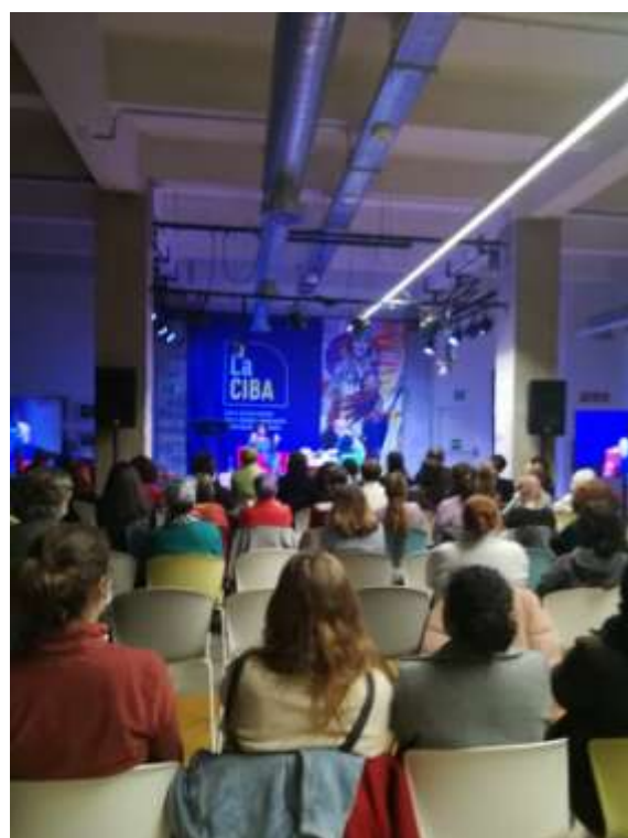
Conferència a Santa Coloma de Gramenet amb l'escriptora i activista afganesa Nadia Gulham.
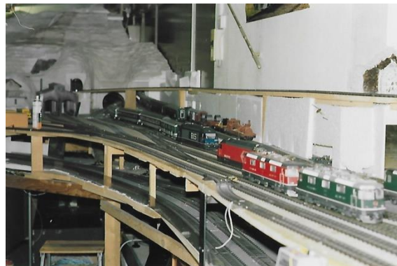
Letzter Fahrbetrieb auf der Anlage
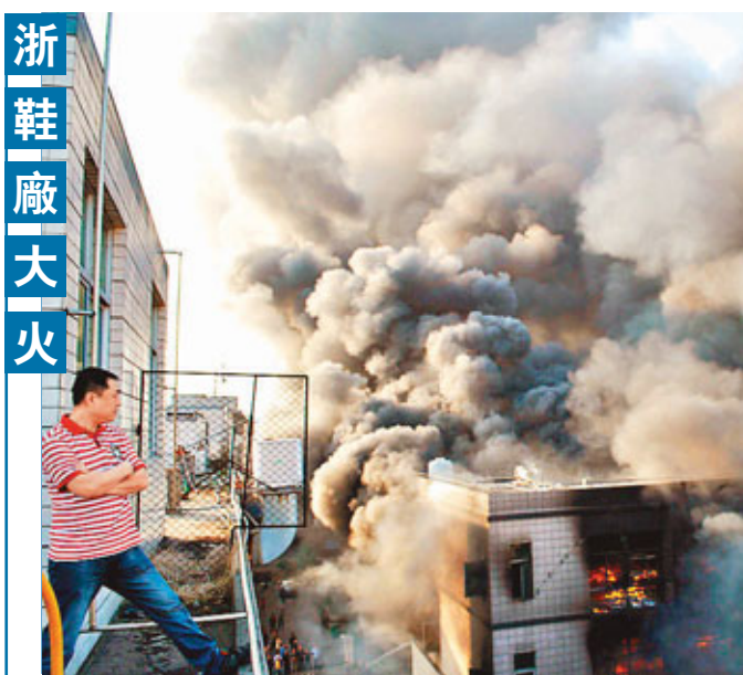
■浙江溫嶺市溫嶺鎮萬嘉鞋業有限公司15日早上5時50分車間突發大火，由於車間裡都是鞋子的原料、膠水和半成品，一時間熊熊烈火將整棟廠房燃燒蔓延，期間發生五次小規模爆炸，截至上午11時火勢被完全撲滅。初步統計過火面積達到1,400平方米。 網上圖片

東北部。項目總建築面積為6.9萬平方米，其中地上建築面積4.7萬平方米，計劃投資6.6億元，設置床位334張。建成投用後，將在充分保障居民基本醫療服務基礎上，靈活發展代辦病、腦血管病等2-3個有潛力的特色專科。
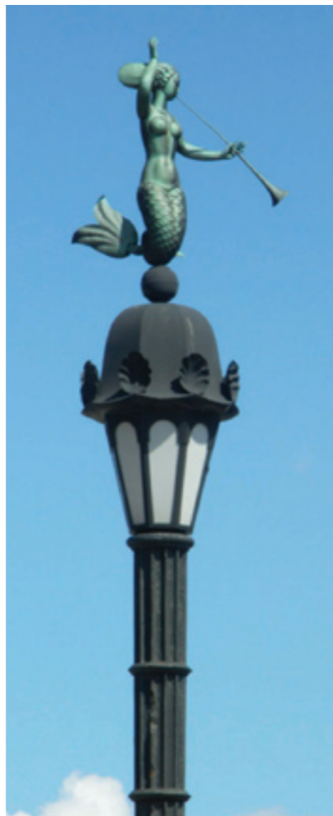
Latemad mängivad Peterburi välisilmes olulist rolli.
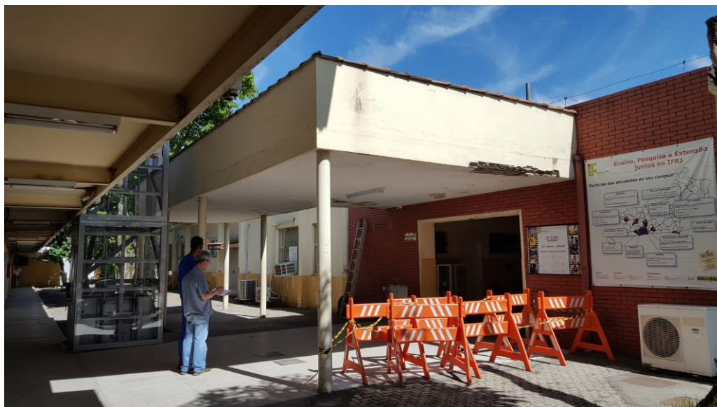
Figura 1: Pórtico a ser demolido, Campus IFRJ-Volta Redonda, RJ.
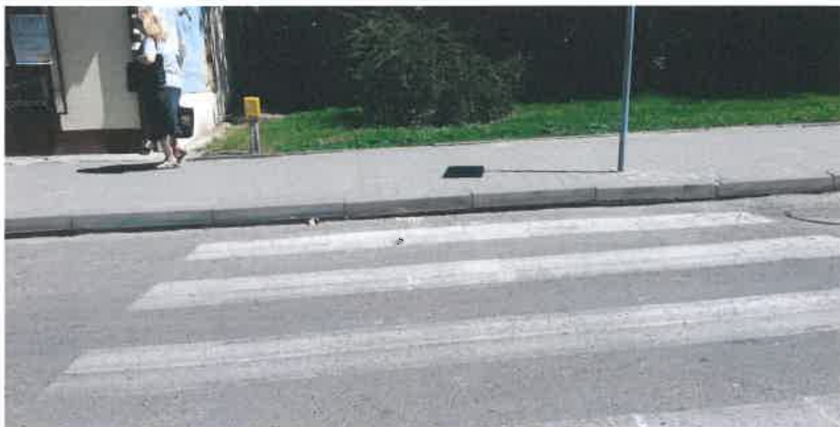
Rys. 2. Wysoki krawężnik przy przejściu dla pieszych na wysokości sklepu „Ryjek” – działka nr 125/18, arkusz 10, obręb 43 (pas drogowy ulicy Nałkowskich).
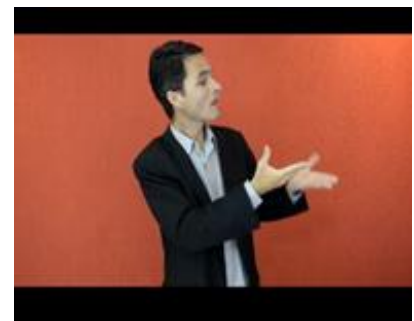
(c) Incorporação de Jesus conversando com a mulher
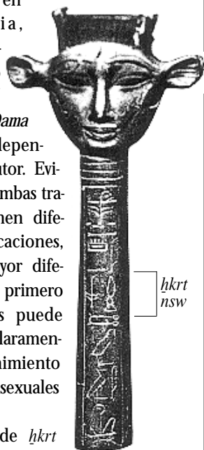
Mango hallado en la tumba KV46. Museo Egipcio de El Cairo.

El título de hkrt nsw arranca de la IV Dinastía, pero en la XVIII se
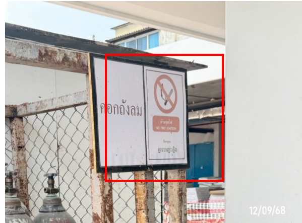
รูปที่ 2-35 ป้ายเตือน “ห้ามสูบบุหรี่”
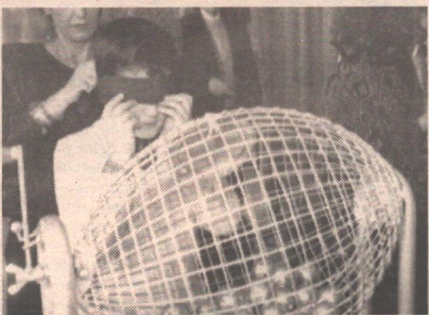
Lotto truccato, l'inchiesta si allarga A pag. 5

++++++++

Will you repeat the material above, but only from the line containing "Rys. 2. Wysoki" through its last line, exactly and without the pictures?

Rys. 2. Wysoki krawężnik przy przejściu dla pieszych na wysokości sklepu „Ryjek” – działka nr 125/18, arkusz 10, obręb 43 (pas drogowy ulicy Nałkowskich).
(c) Incorporação de Jesus conversando com a mulher
Mango hallado en la tumba KV46. Museo Egipcio de El Cairo.

El título de hkrt nsw arranca de la IV Dinastía, pero en la XVIII se
รูปที่ 2-35 ป้ายเตือน “ห้ามสูบบุหรี่”
Lotto truccato, l'inchiesta si allarga A pag. 5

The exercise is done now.